__Exercise prompt__. This calls for a word-for-word copy of all the data, with each picture removed.

__Information shown__.

=======

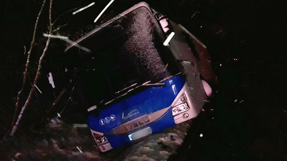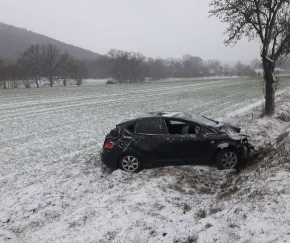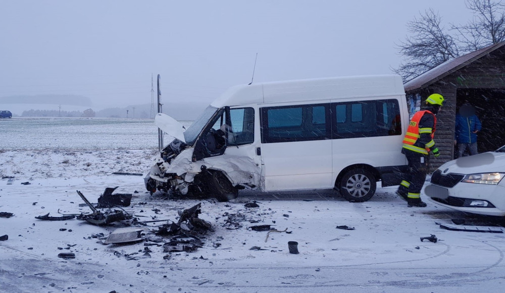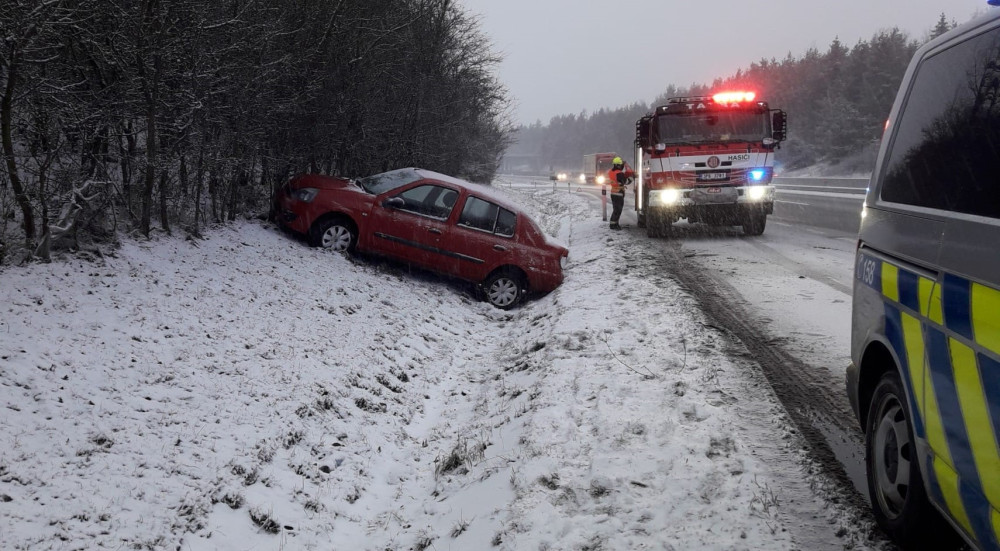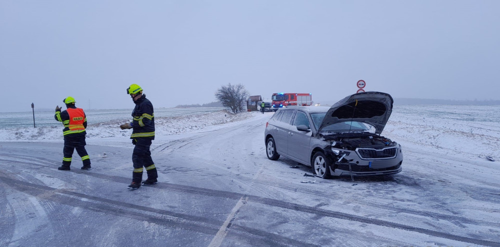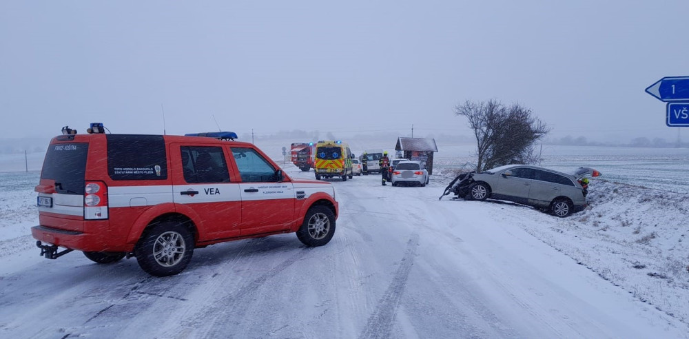 Hromadná nehoda čtyř automobilů na zasněžené silnici blokuje hlavní tah z Plzně na Karlovy Vary. Na místě jsou zranění
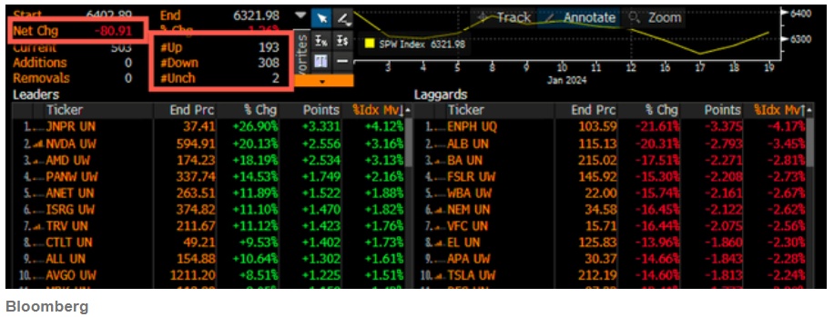 与此同时,特斯拉在2024年拉低标普500指数11.95点,苹果拉低标普500指数1.7点。在标普500指数成份股中,今年以来只有193只股票上涨,308只下跌,还有2只持平。这就是标普500等权重指数今年迄今下跌1.26%的原因。
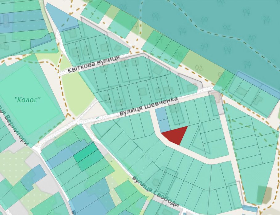 приватизована, повністю вирівняна для подальшого будівництва, широкий фасад . Цільове

=======

__Response__.
 Hromadná nehoda čtyř automobilů na zasněžené silnici blokuje hlavní tah z Plzně na Karlovy Vary. Na místě jsou zranění
 与此同时,特斯拉在2024年拉低标普500指数11.95点,苹果拉低标普500指数1.7点。在标普500指数成份股中,今年以来只有193只股票上涨,308只下跌,还有2只持平。这就是标普500等权重指数今年迄今下跌1.26%的原因。
 приватизована, повністю вирівняна для подальшого будівництва, широкий фасад . Цільове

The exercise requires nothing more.